The issue only appears for some combination of the parameters used to simulate the data. The convergences is better when I for instance only simulate the first half of the epidemic. However, I would feel more comfortable applying this model to real data, when I know it can infer any set of parameters.
I do not understand why my model cannot infer the simulated parameters, independent of the initial values. For this simple model, the likelihood should be relatively smooth. Could any of you give me a hint of how to handle this issue?

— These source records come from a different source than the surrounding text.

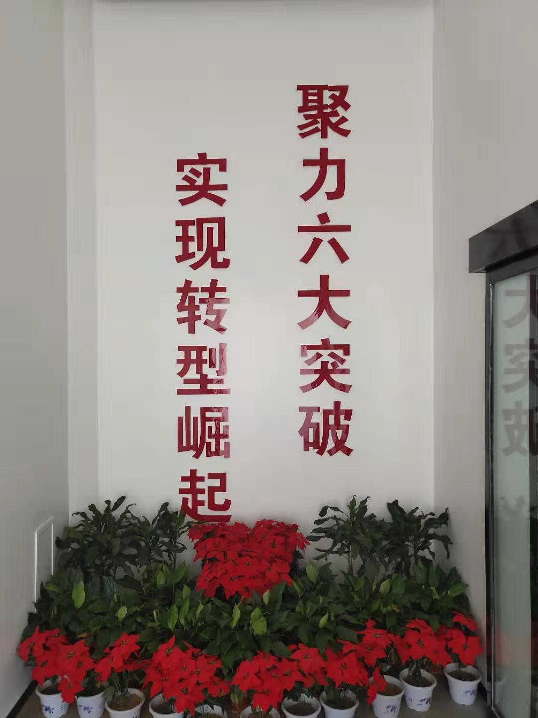 最終擬定標語“聚力六大突破,實現(xiàn)轉型崛起”。標語張貼在我公司信息化管理中心大廳內,信息化管理中心參觀人數(shù)多,可以更好地起到宣傳文明標語的作用。下圖為信息化管理中心張貼的文明標語。
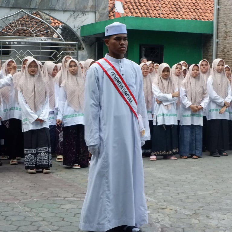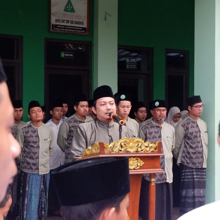 Upacara yang digelar secara meriah namun penuh makna ini dipimpin langsung oleh pimpinan Pondok Pesantren Abu manshur, KH. Moh. Alimudin, Lc., M.Pd. sekaligus menyampaikan amanah.
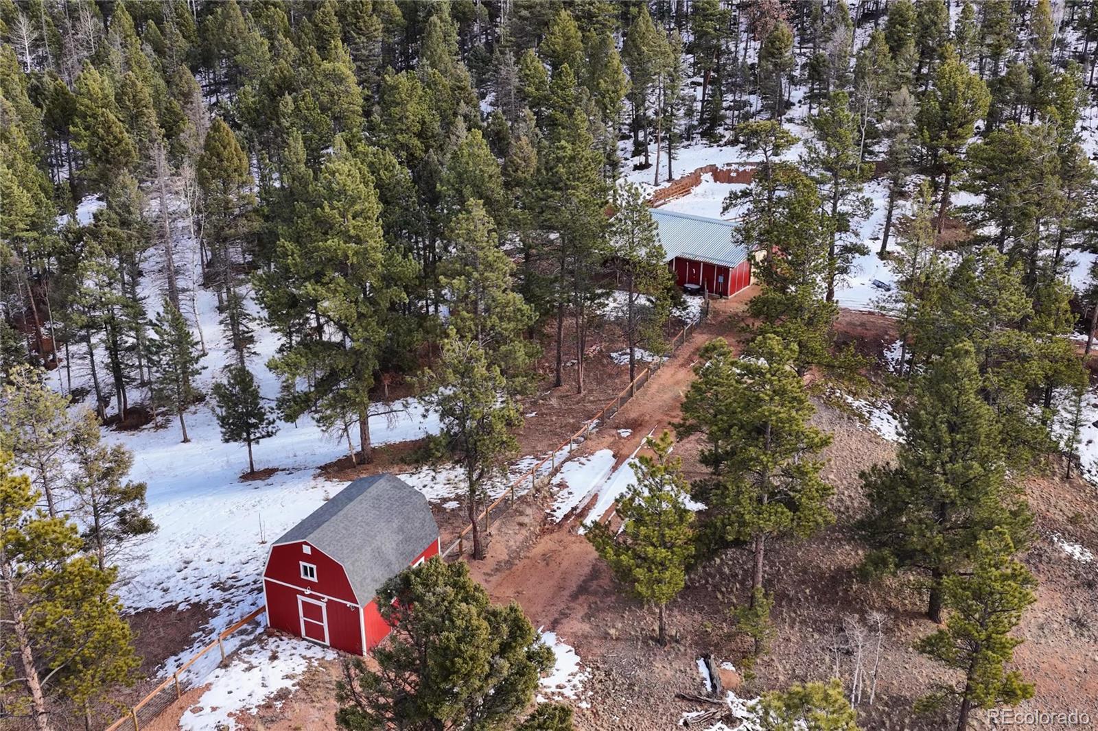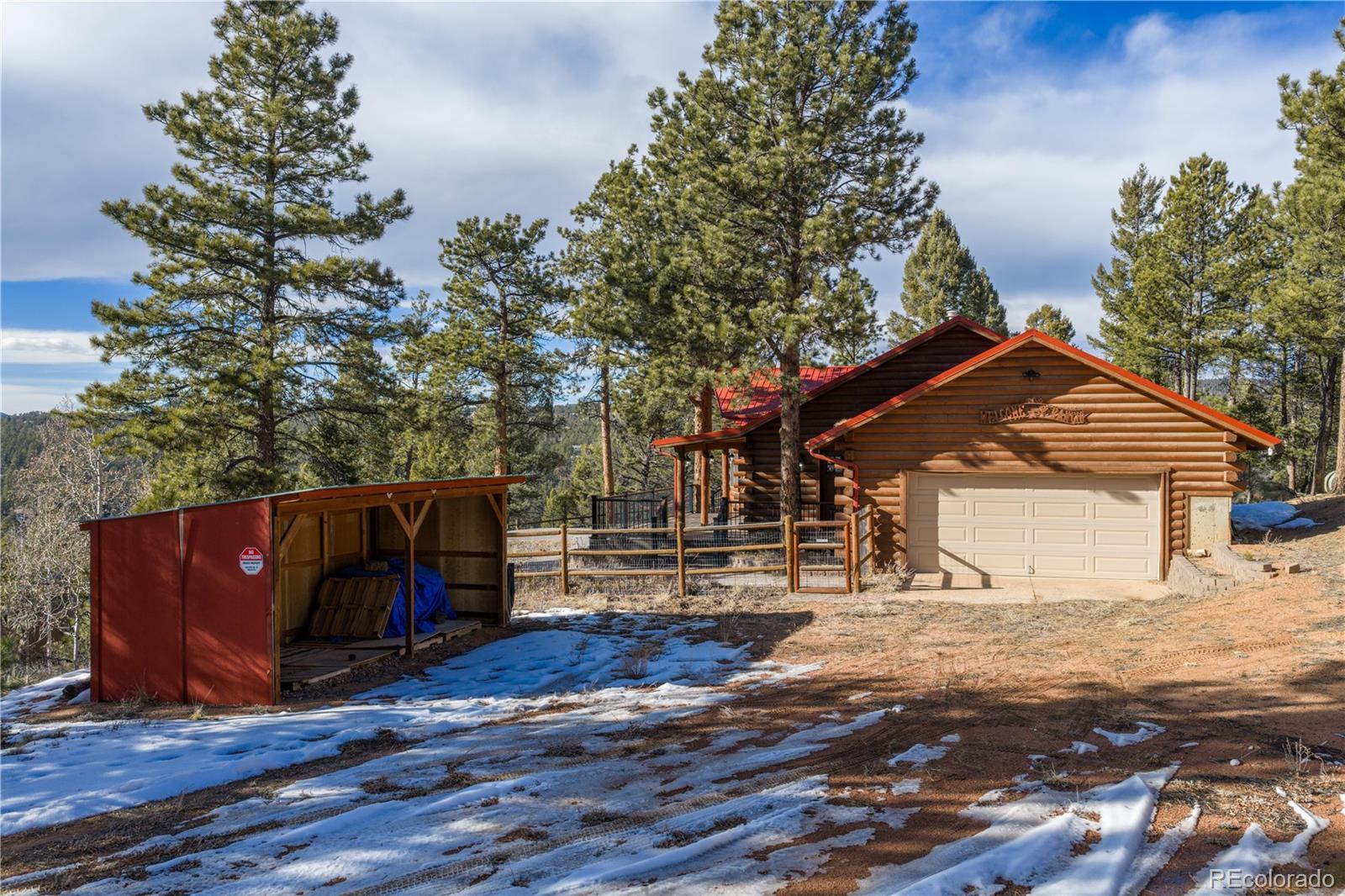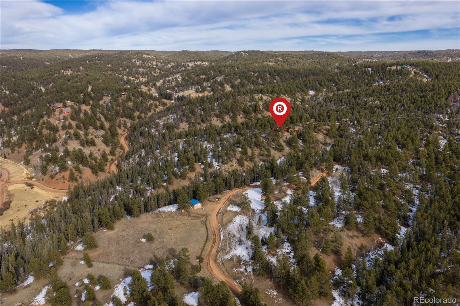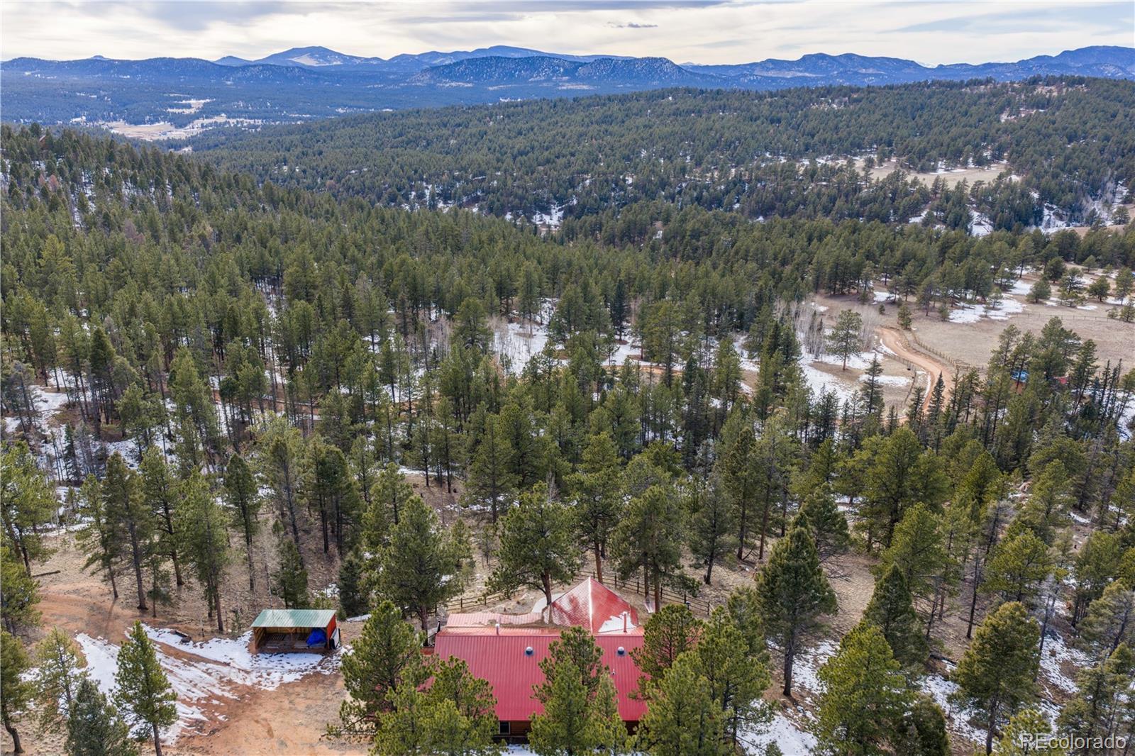 Experience the perfect blend of privacy, comfort, and wide-open space on this fantastic 40-acre property with breathtaking views in every direction. This beautifully updated one-level cabin offers true main-level living with 3 bedrooms, including a stunning primary suite featuring a spacious walk-in closet and a luxurious en suite bath with claw-foot soaking tub and walk-in shower. The open living area is filled with natural light, highlighted by vaulted ceilings and a cozy wood-burning stove, ideal for mountain evenings. The modern kitchen has been thoughtfully updated with granite countertops, a pantry, and brand-new stainless steel appliances, and flows seamlessly into a large laundry room conveniently located just off the kitchen. New hardwood flooring runs throughout the home, complemented by new carpet and fresh finishes. Outside, enjoy two brand-new Trex decks perfect for taking in the incredible views and peaceful surroundings. The property is fully weathered and winterized, with insulation beneath the cabin for year-round comfort. Multiple outbuildings add exceptional functionality, including two barns (one equipped with a 500-gallon cistern), a loafing shed, and a greenhouse, ideal for livestock, hobbies, or sustainable living. Just 25 minutes to Woodland Park and about a two-hour drive to Denver or DIA. A rare opportunity to own a turnkey rural retreat with modern updates, expansive acreage, and endless possibilities.
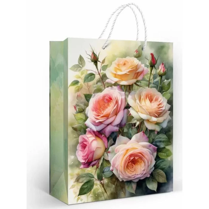 Пакет подарочный (ML) "Кремовые розы" предназначен для упаковки подарков и оформлен с изображением кремовых роз, что делает его подходящим для различных торжеств и мероприятий.
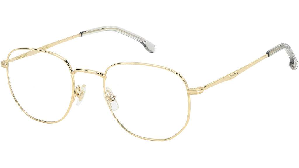 Occhiali da vista Carrera modello 323 colore J5G gold. Linee pure e dettagli minuziosi per questi occhiali da vista Carrera, garanzia di un look pulito e senza tempo. La shape geometrica caratterizza la montatura sottile, interamente in metallo. Le aste a pinna si agganciano al frontale con cerniere scolpite, e sono completate da terminali in acetato anche in versione multistrato o trasparente. Il modello è disponibile anche con profilo colorato sul frontale.
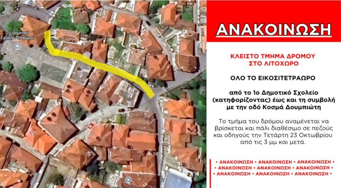 Σύμφωνα με ενημέρωση του ΔΕΔΔΗΕ συνεχίζονται οι εργασίες υπογειοποίησης του δικτύου στο τμήμα της οδού Ενιπέως στο Λιτόχωρο, από το 1ο Δημοτικό Σχολείο και...
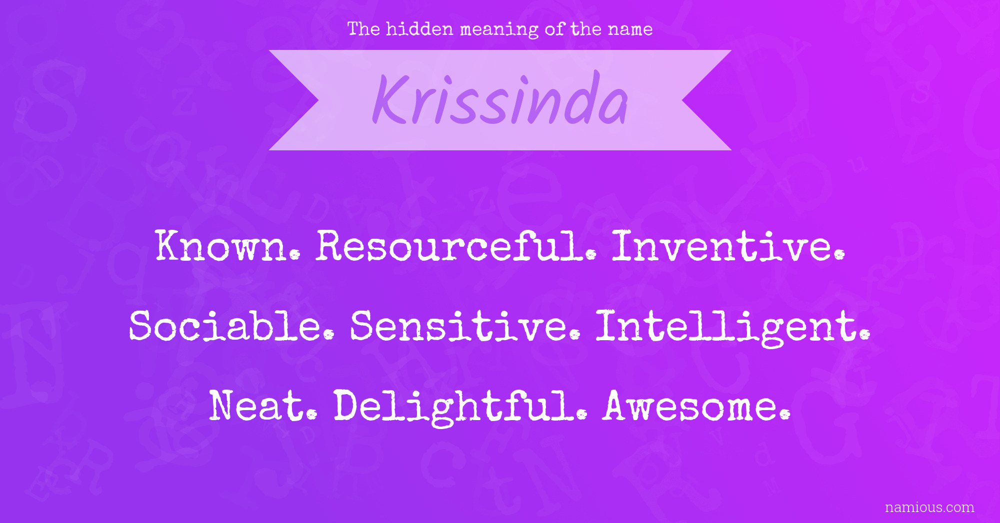 "Krissinda is a known, resourceful, inventive, sociable, sensitive, intelligent, neat, delightful and awesome person."
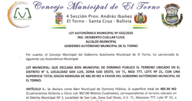 Por cuanto el Concejo Municipal del Gobierno Autónomo Municipal de El Torno ha sancionado la siguiente Ley Municipal
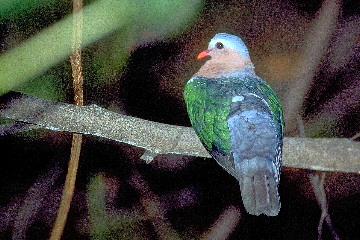 India to Indo-China and the Sundas, extending to Australia and W. Pacific. Common resident but locally migratory, in primary and old secondary forests to 4000 feet. Size 23 cm. A quiet and shy ground feeding dove, usually seen singly or in pairs, at the edges of clearings or flying fast and low through the forest. |
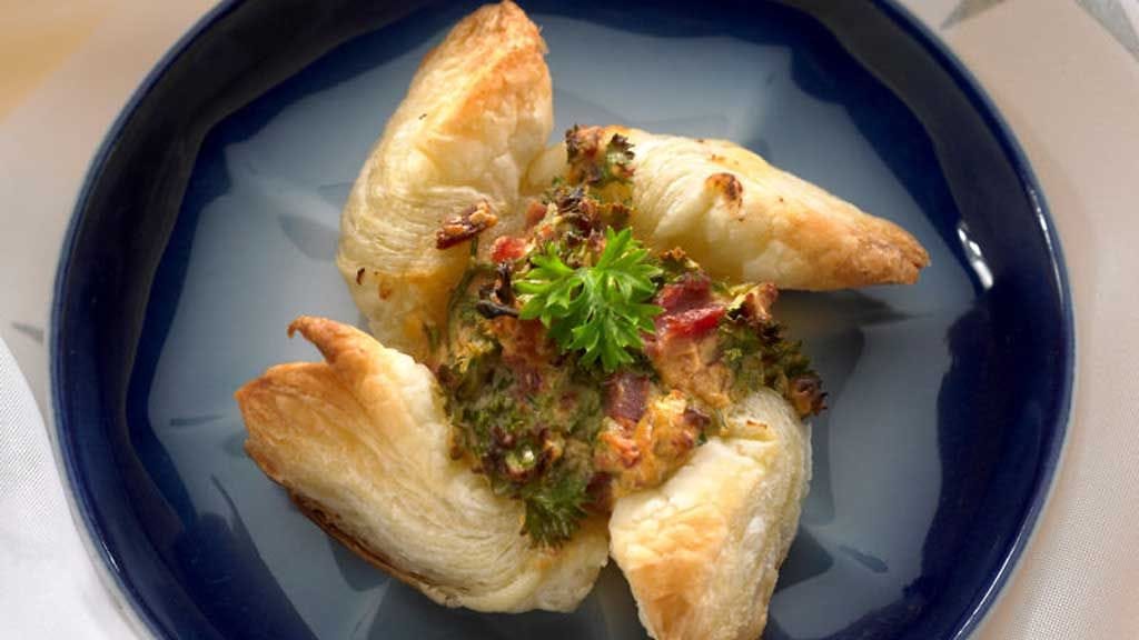 Levitä taikinalevyt leivinpaperille uunipellille ja anna niiden sulaa n. 15 minuuttia. Kaaviloi sulaneita levyjä hieman pidemmiksi, 21 cm pituisiksi. Jaa jokainen levy kolmeksi 7 x 7 cm neliöksi. Tee neliöiden kulmiin vinot viillot kohti tortun keskustaa (puoleen väliin). Nosta joka toinen kulma ylös ja nipistä ne keskelle alas painaen suppuun.
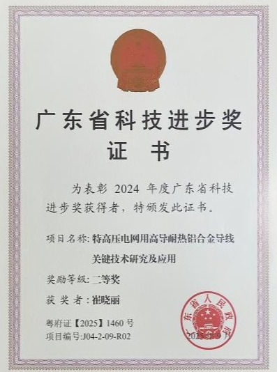 日前,广东省人民政府公布了2024年度广东省科学技术奖获奖名单。阳江校区材料科学与工程学院铁镝教授主持的《特高压电网用高导耐热铝合金导线关键技术研究及应用》项目荣获广东省科技进步奖二等奖。
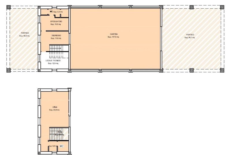 Dei terreni, 37.600 mq sono coltivati a vigneto con impianto di irrigazione automatico a goccia, in parte affittati con scadenza a fine 2025.
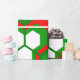 This wrapping paper has a Christmas geometric design of hexagons in sets of three that look like flowers in red, white, and green.
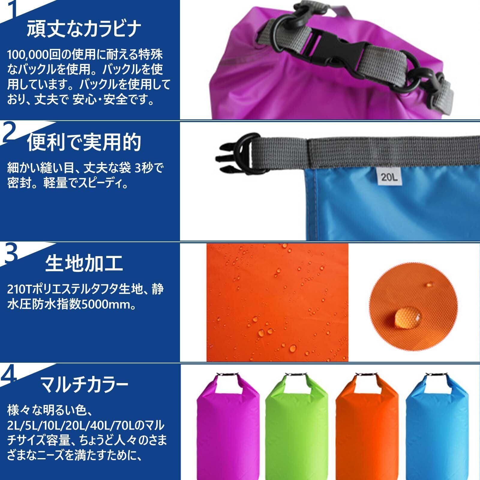 [高品質の防水バッグ] この柔軟な防水バッグとドライバッグは一年中使えるタフなバッグです。210Tポリエステルタフタ生地防水バッグ、PU5000mm、あなたのアイテムを継続的にきれいに保つことができます。 耐久性と防水性のために二重糸で再成型されたシールされた縫い目は、縫い目からの水の浸透を完全に排除します。この製品は、頑丈な防水バッグが必要な方に最適です。 雨、雪、ほこり、砂からあなたの持ち物を守り、ドライに保ちます。 鮮やかなマルチカラー、2L/5L/20L/40L/10L/20L/20L/40L 10L/20L/40L/70Lマルチサイズ容量、ちょうど人々のさまざまなニーズを満たすために。
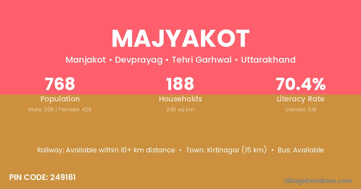 Majyakot village has a total population of 768 people, of which 339 are males and 429 are females.
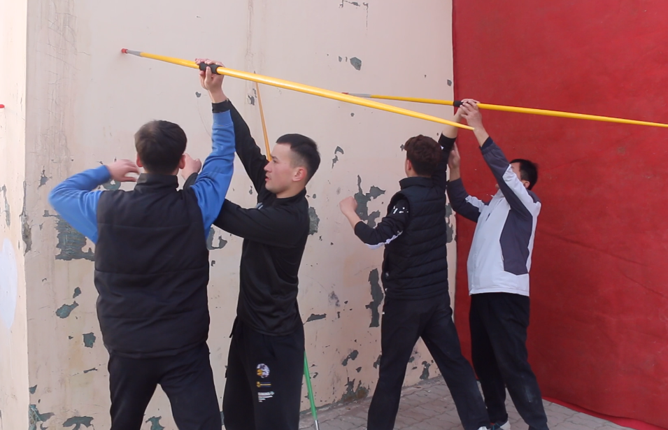 托克逊县第二中学体育老师在纠正学生们握竹枪姿势以及力度。
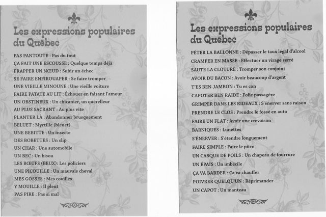 ah cette liste… je crois surtout que les Québécois qui ont prononcé ces soient-disant expressions devant les auteurs du tableau se sont bien fichus de leur gueule!! commentaires:

I would greatly appreciate any help.
Cheers,
Judith
What I have tried so far:
- A stronger prior on small values of beta or a uniform prior. (Even though the initial value does not depend on the prior).
- A traditional way of including the initial state of the ODE model.
- Increasing adapt_delta.
Additional information:
I am running cmdstan version 2.30.1 and stan version 2.21.0. The initial conditions of the ODE model are included in the definition of the ODE itself to reduce the number of parameters.